Give back every record below, character for character.

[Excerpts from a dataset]

%%

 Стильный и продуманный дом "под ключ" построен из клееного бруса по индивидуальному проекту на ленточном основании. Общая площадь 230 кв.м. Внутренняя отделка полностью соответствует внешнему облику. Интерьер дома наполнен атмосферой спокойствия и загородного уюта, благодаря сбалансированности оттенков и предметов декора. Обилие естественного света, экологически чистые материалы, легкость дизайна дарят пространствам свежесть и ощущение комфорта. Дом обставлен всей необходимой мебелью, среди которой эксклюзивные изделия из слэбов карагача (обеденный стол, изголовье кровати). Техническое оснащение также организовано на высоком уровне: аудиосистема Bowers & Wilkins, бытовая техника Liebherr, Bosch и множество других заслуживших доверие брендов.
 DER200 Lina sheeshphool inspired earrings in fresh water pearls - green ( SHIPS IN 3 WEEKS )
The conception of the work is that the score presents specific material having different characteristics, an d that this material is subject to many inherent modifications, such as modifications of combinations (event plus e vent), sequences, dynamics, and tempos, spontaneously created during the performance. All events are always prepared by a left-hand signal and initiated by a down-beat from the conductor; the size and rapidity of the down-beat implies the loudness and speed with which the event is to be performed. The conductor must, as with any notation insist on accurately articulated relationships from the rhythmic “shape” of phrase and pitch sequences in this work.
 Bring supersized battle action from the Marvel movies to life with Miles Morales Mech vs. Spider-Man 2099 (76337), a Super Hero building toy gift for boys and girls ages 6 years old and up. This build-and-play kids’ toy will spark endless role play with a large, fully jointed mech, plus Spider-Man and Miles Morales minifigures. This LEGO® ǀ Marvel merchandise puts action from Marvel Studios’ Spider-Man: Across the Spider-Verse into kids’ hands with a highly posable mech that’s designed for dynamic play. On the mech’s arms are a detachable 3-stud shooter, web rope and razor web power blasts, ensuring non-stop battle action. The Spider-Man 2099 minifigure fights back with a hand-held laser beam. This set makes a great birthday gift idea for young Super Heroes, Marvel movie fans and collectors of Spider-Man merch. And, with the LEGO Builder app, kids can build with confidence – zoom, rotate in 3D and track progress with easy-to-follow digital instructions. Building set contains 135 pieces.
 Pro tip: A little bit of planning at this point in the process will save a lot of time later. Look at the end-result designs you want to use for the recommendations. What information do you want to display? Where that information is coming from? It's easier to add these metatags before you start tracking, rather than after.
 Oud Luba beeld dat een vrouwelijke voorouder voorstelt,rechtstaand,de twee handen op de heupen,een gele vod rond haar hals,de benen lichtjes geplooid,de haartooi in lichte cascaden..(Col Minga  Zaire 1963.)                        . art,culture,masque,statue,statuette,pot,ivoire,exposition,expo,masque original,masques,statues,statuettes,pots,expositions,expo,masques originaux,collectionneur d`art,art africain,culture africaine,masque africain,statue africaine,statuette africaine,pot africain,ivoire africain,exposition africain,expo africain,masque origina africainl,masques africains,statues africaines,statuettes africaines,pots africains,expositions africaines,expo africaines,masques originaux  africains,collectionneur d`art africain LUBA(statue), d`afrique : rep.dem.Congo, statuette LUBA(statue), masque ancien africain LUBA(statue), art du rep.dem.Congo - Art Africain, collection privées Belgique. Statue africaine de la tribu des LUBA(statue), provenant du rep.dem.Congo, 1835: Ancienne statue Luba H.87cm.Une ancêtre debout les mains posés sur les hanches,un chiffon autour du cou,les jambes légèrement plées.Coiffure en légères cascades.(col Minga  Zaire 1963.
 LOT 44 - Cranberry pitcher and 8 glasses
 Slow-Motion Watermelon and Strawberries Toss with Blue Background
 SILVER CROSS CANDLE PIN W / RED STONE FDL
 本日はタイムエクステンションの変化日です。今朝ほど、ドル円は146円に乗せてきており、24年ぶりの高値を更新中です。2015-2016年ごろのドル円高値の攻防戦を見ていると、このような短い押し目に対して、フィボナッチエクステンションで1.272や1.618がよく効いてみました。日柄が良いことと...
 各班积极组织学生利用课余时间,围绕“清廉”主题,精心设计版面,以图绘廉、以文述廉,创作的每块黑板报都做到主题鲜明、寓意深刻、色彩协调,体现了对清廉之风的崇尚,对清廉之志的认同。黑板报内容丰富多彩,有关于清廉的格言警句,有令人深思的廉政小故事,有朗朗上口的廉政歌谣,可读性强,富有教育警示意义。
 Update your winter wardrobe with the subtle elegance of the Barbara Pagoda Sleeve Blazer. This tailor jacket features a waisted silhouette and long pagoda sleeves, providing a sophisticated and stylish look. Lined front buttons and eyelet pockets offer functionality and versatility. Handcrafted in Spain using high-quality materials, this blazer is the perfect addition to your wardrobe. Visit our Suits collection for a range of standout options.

%%

Response =
 Стильный и продуманный дом "под ключ" построен из клееного бруса по индивидуальному проекту на ленточном основании. Общая площадь 230 кв.м. Внутренняя отделка полностью соответствует внешнему облику. Интерьер дома наполнен атмосферой спокойствия и загородного уюта, благодаря сбалансированности оттенков и предметов декора. Обилие естественного света, экологически чистые материалы, легкость дизайна дарят пространствам свежесть и ощущение комфорта. Дом обставлен всей необходимой мебелью, среди которой эксклюзивные изделия из слэбов карагача (обеденный стол, изголовье кровати). Техническое оснащение также организовано на высоком уровне: аудиосистема Bowers & Wilkins, бытовая техника Liebherr, Bosch и множество других заслуживших доверие брендов.
 DER200 Lina sheeshphool inspired earrings in fresh water pearls - green ( SHIPS IN 3 WEEKS )
The conception of the work is that the score presents specific material having different characteristics, an d that this material is subject to many inherent modifications, such as modifications of combinations (event plus e vent), sequences, dynamics, and tempos, spontaneously created during the performance. All events are always prepared by a left-hand signal and initiated by a down-beat from the conductor; the size and rapidity of the down-beat implies the loudness and speed with which the event is to be performed. The conductor must, as with any notation insist on accurately articulated relationships from the rhythmic “shape” of phrase and pitch sequences in this work.
 Bring supersized battle action from the Marvel movies to life with Miles Morales Mech vs. Spider-Man 2099 (76337), a Super Hero building toy gift for boys and girls ages 6 years old and up. This build-and-play kids’ toy will spark endless role play with a large, fully jointed mech, plus Spider-Man and Miles Morales minifigures. This LEGO® ǀ Marvel merchandise puts action from Marvel Studios’ Spider-Man: Across the Spider-Verse into kids’ hands with a highly posable mech that’s designed for dynamic play. On the mech’s arms are a detachable 3-stud shooter, web rope and razor web power blasts, ensuring non-stop battle action. The Spider-Man 2099 minifigure fights back with a hand-held laser beam. This set makes a great birthday gift idea for young Super Heroes, Marvel movie fans and collectors of Spider-Man merch. And, with the LEGO Builder app, kids can build with confidence – zoom, rotate in 3D and track progress with easy-to-follow digital instructions. Building set contains 135 pieces.
 Pro tip: A little bit of planning at this point in the process will save a lot of time later. Look at the end-result designs you want to use for the recommendations. What information do you want to display? Where that information is coming from? It's easier to add these metatags before you start tracking, rather than after.
 Oud Luba beeld dat een vrouwelijke voorouder voorstelt,rechtstaand,de twee handen op de heupen,een gele vod rond haar hals,de benen lichtjes geplooid,de haartooi in lichte cascaden..(Col Minga  Zaire 1963.)                        . art,culture,masque,statue,statuette,pot,ivoire,exposition,expo,masque original,masques,statues,statuettes,pots,expositions,expo,masques originaux,collectionneur d`art,art africain,culture africaine,masque africain,statue africaine,statuette africaine,pot africain,ivoire africain,exposition africain,expo africain,masque origina africainl,masques africains,statues africaines,statuettes africaines,pots africains,expositions africaines,expo africaines,masques originaux  africains,collectionneur d`art africain LUBA(statue), d`afrique : rep.dem.Congo, statuette LUBA(statue), masque ancien africain LUBA(statue), art du rep.dem.Congo - Art Africain, collection privées Belgique. Statue africaine de la tribu des LUBA(statue), provenant du rep.dem.Congo, 1835: Ancienne statue Luba H.87cm.Une ancêtre debout les mains posés sur les hanches,un chiffon autour du cou,les jambes légèrement plées.Coiffure en légères cascades.(col Minga  Zaire 1963.
 LOT 44 - Cranberry pitcher and 8 glasses
 Slow-Motion Watermelon and Strawberries Toss with Blue Background
 SILVER CROSS CANDLE PIN W / RED STONE FDL
 本日はタイムエクステンションの変化日です。今朝ほど、ドル円は146円に乗せてきており、24年ぶりの高値を更新中です。2015-2016年ごろのドル円高値の攻防戦を見ていると、このような短い押し目に対して、フィボナッチエクステンションで1.272や1.618がよく効いてみました。日柄が良いことと...
 各班积极组织学生利用课余时间,围绕“清廉”主题,精心设计版面,以图绘廉、以文述廉,创作的每块黑板报都做到主题鲜明、寓意深刻、色彩协调,体现了对清廉之风的崇尚,对清廉之志的认同。黑板报内容丰富多彩,有关于清廉的格言警句,有令人深思的廉政小故事,有朗朗上口的廉政歌谣,可读性强,富有教育警示意义。
 Update your winter wardrobe with the subtle elegance of the Barbara Pagoda Sleeve Blazer. This tailor jacket features a waisted silhouette and long pagoda sleeves, providing a sophisticated and stylish look. Lined front buttons and eyelet pockets offer functionality and versatility. Handcrafted in Spain using high-quality materials, this blazer is the perfect addition to your wardrobe. Visit our Suits collection for a range of standout options.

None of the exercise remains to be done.